Re: [PATCH 2/8] pstore: Expose kmsg_bytes as a module parameter

From: Kees Cook
Date: Wed Oct 12 2022 - 13:58:59 EST


On Wed, Oct 12, 2022 at 12:33:36PM -0300, Guilherme G. Piccoli wrote:
> On 06/10/2022 20:32, Kees Cook wrote:
> > [...]
> > Doing a mount will override the result, so I wonder if there should be
> > two variables, etc... not a concern for the normal use case.
> >
> > Also, I've kind of wanted to get rid of a "default" for this and instead
> > use a value based on the compression vs record sizes, etc. But I didn't
> > explore it.
> >
>
> For some reason I forgot to respond that, sorry!
>
> I didn't understand exactly how the mount would override things; I've
> done some tests:
>
> (1) booted with the new kmsg_bytes module parameter set to 64k, and it
> was preserved across multiple mount/umount cycles.
>
> (2) When I manually had "-o kmsg_bytes=16k" set during the mount
> operation, it worked as expected, setting the thing to 16k (and
> reflecting in the module parameter, as observed in /sys/modules).

What I was imagining was the next step:

(3) umount, unload the backend, load a new backend, and mount it
without kmsg_bytes specified -- kmsg_bytes will be 16k, not 64k.

It's a pretty extreme corner-case, I realize. :) However, see below...

> In the end, if you think properly, what is the purpose of kmsg_bytes?
> Wouldn't make sense to just fill the record_size with the maximum amount
> of data it can handle?

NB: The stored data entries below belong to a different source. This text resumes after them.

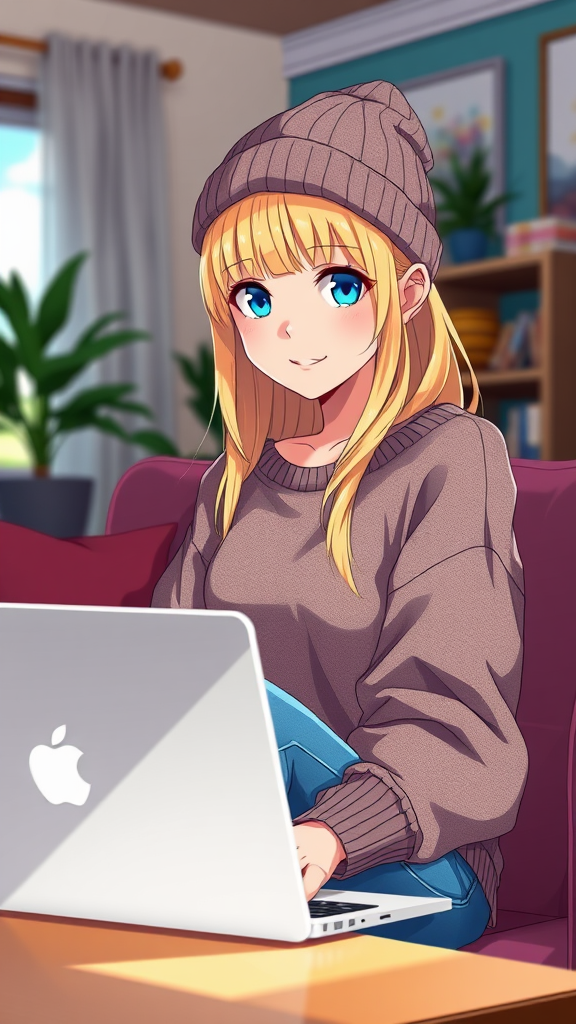 Anime, beautiful blonde girl, gazing at the camera, wearing a thin beanie, jeans, cashmere pullover, seated on a couch with a laptop, in a vibrant living room. Bright colors, with added details like sharp, expressive eyes and a warm smile, capturing a serene and stylish atmosphere. Careful attention to normal anatomy, ensuring well-proportioned features and elegant posture.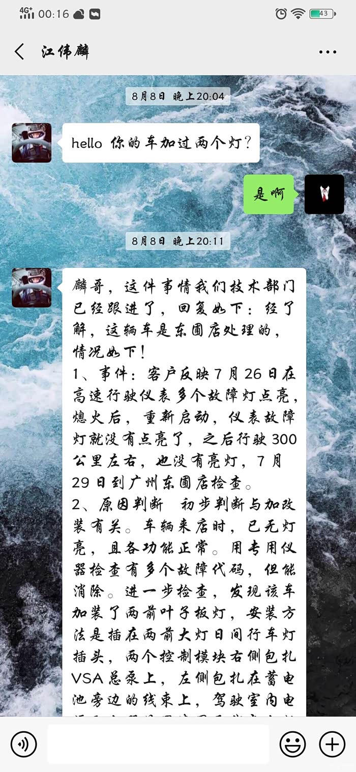 这一段路有50-60公里,从正果服务区到广汽本田东圃4s店的距离,在这一段路里面,我在暴力提速试车,可是一直到4s店故障灯都没有再次亮起,我真的“走投无路”了,我现在不知道怎么办了,真的很无助,我印象中八月初才从4s店检修回来,这才多久才跑了多少公里?怎么又出现故障了,这是广州羊城交通台主持人,江伟麟(在这里真的很感谢这位主持人,也很感谢广州羊城交通台)这是八月初(八月初的检修,我也有发贴可以翻翻我的贴,报发动机排放系统故障跟变速箱故障的那次)主持人帮我联系厂家技术支持到4s店给到我的答复,但是现在月底车又故障了。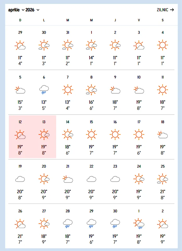 Conform estimărilor, duminică, 12 aprilie 2026, temperaturile maxime vor ajunge la aproximativ 19 grade Celsius, în timp ce minima nopții va fi în jur de 8 grade Celsius. Cerul va fi variabil, cu perioade însorite, ceea ce va crea condiții bune pentru plimbări, vizite la familie sau activități în aer liber.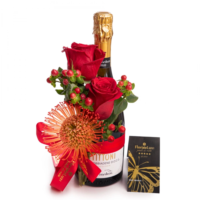 Aranjament cu sticla de Prosecco- alegerea ideala pentru personalitati creative si sofisticate. Cadou premium, modern, potrivit pentru o Andreea sau un Andrei care adora surprizele deosebite.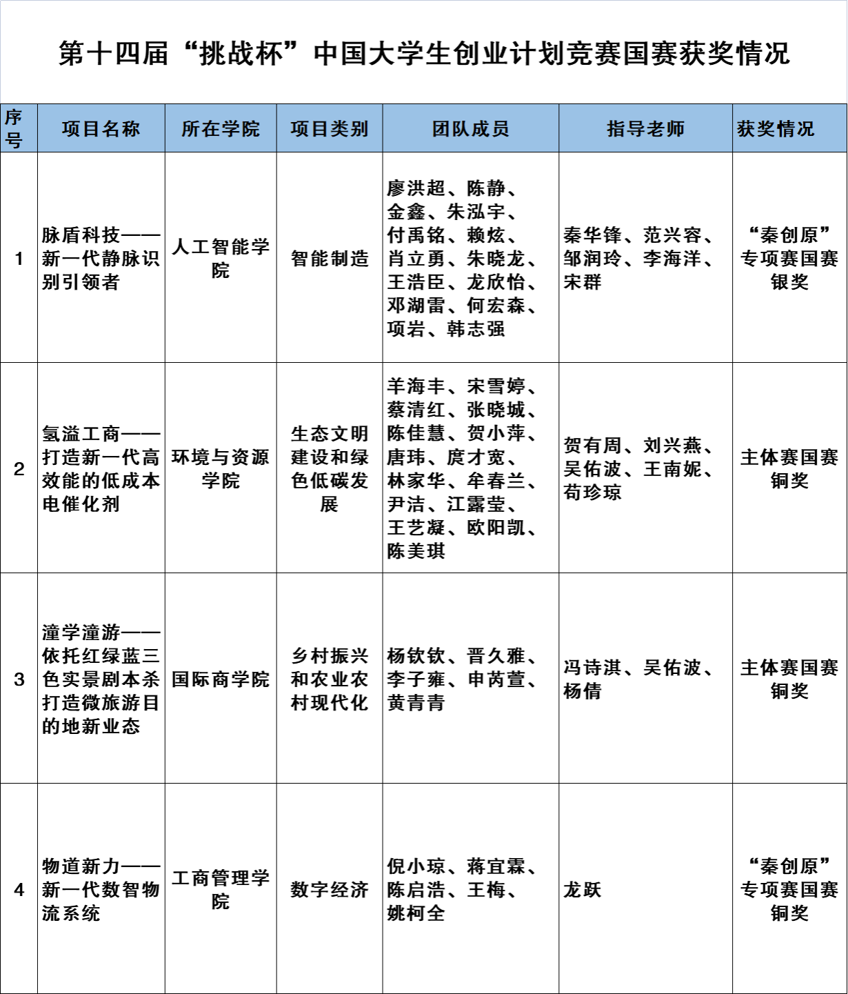 10月29日-11月2日,由共青团中央、教育部、人力资源社会保障部、中国科协、全国学联、陕西省人民政府联合主办,由西安交通大学、共青团陕西省委承办的第十四届“挑战杯”中国大学生创业计划竞赛在西安交通大学(兴庆校区)举行,我校斩获国赛银奖1项,铜奖3项。人工智能学院项目《脉盾科技-新一代静脉识别引领者》赴西安交通大学参加“秦创原”创新挑战专项赛终审答辩,斩获国赛银奖;环境与资源学院项目《氢溢工商一打造新一代高效能的低成本电催化剂》、国际商学院项目《潼学潼游—依托红绿蓝三色实景剧本杀打造微旅游目的地新业态》荣获主体赛国赛铜奖;工商管理项目《物道新力——新一代数智物流系统》荣获“秦创原”创新挑战专项赛国赛铜奖。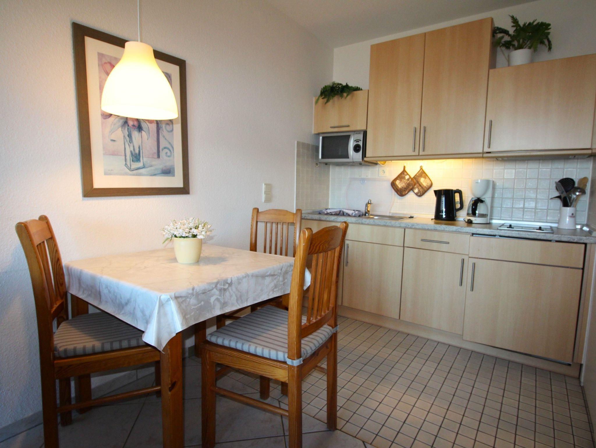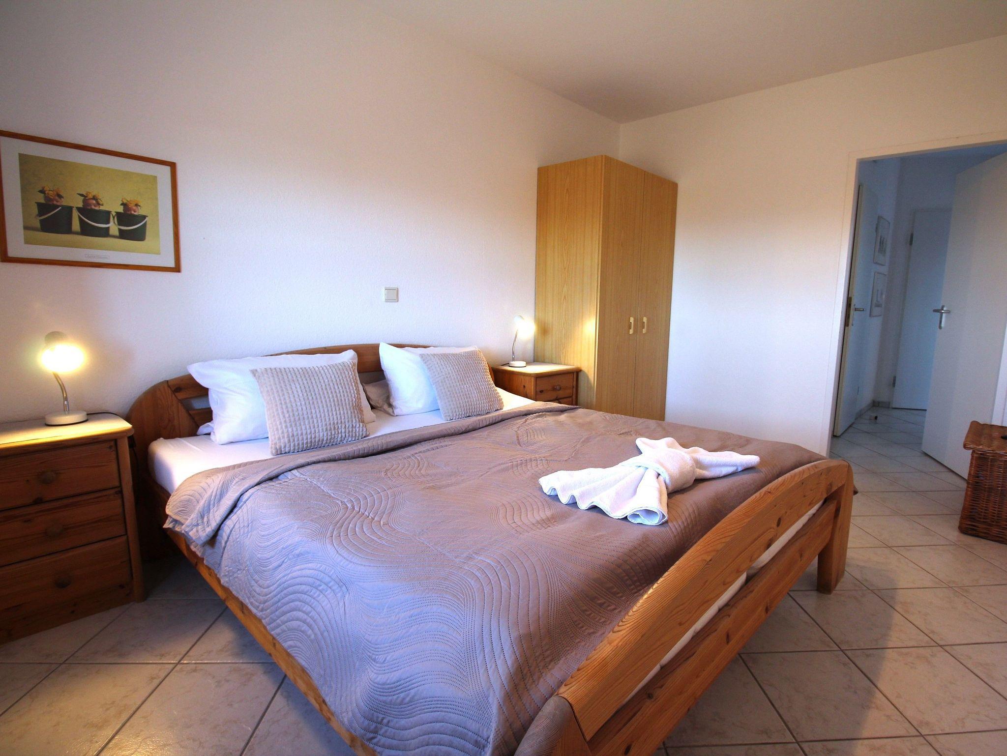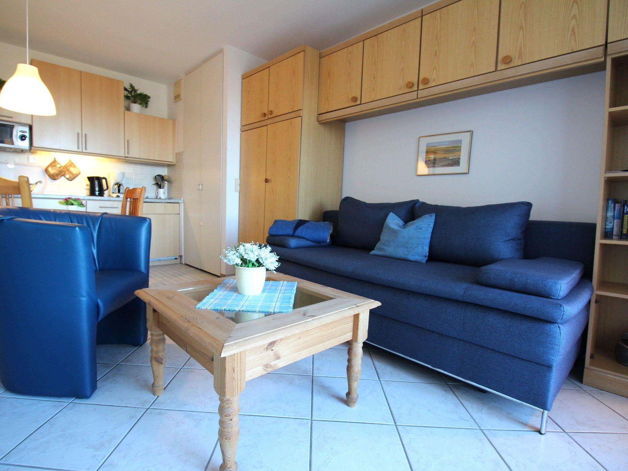 Willkommen in Ihrer Ferienwohnung mit Meerblick. Das gemütliche Apartment verfügt über einen Wohnraum mit offener Küche und Balkon, sowie ein Schlafzimmer mit Doppelbett und ein Bad mit Dusche und WC. Eine zweite Schlafmöglichkeit ist das Doppelschlafsofa im Wohnraum. Die Küche ist voll ausgestattet mit Kaffeemaschine, Wassserkocher, Mikrowelle, Toaster und Kühlschrank mit Gefrierfach.

Of course there is the partitioning thing, but in
> the end kmsg_bytes seems a mechanism to _restrict_ the data collection,
> so maybe the default would be a value that means "save whatever you can
> handle" (maybe 0), and if the parameter/mount option is set, then pstore
> would restrict the saved size.

Right, kmsg_bytes is the maximum size to save from the console on a
crash. The design of the ram backend was to handle really small amounts
of persistent RAM -- if a single crash would eat all of it and possibly
wrap around, it could write over useful parts at the end (since it's
written from the end to the front). However, I think somewhere along
the way, stricter logic was added to the ram backend:

/*
* Explicitly only take the first part of any new crash.
* If our buffer is larger than kmsg_bytes, this can never happen,
* and if our buffer is smaller than kmsg_bytes, we don't want the
* report split across multiple records.
*/
if (record->part != 1)
return -ENOSPC;

This limits it to just a single record.

However, this does _not_ exist for other backends, so they will see up
to kmsg_bytes-size dumps split across psinfo->bufsize many records. For
the backends, this record size is not always fixed:

- efi uses 1024, even though it allocates 4096 (as was pointed out earlier)
- zone uses kmsg_bytes
- acpi-erst uses some ACPI value from ACPI_ERST_GET_ERROR_LENGTH
- ppc-nvram uses the configured size of nvram partition

Honestly, it seems like the 64k default is huge, but I don't think it
should be "unlimited" given the behaviors of ppc-nvram, and acpi-erst.
For ram and efi, it's effectively unlimited because of the small bufsizes
(and the "only 1 record" logic in ram).

Existing documentation I can find online seem to imply making it smaller
(8000 bytes[1], 16000 bytes), but without justification. Even the "main"
documentation[2] doesn't mention it.

-Kees

[1] https://git.kernel.org/pub/scm/linux/kernel/git/torvalds/linux.git/tree/Documentation/ABI/testing/pstore
[2] https://docs.kernel.org/admin-guide/ramoops.html

--
Kees Cook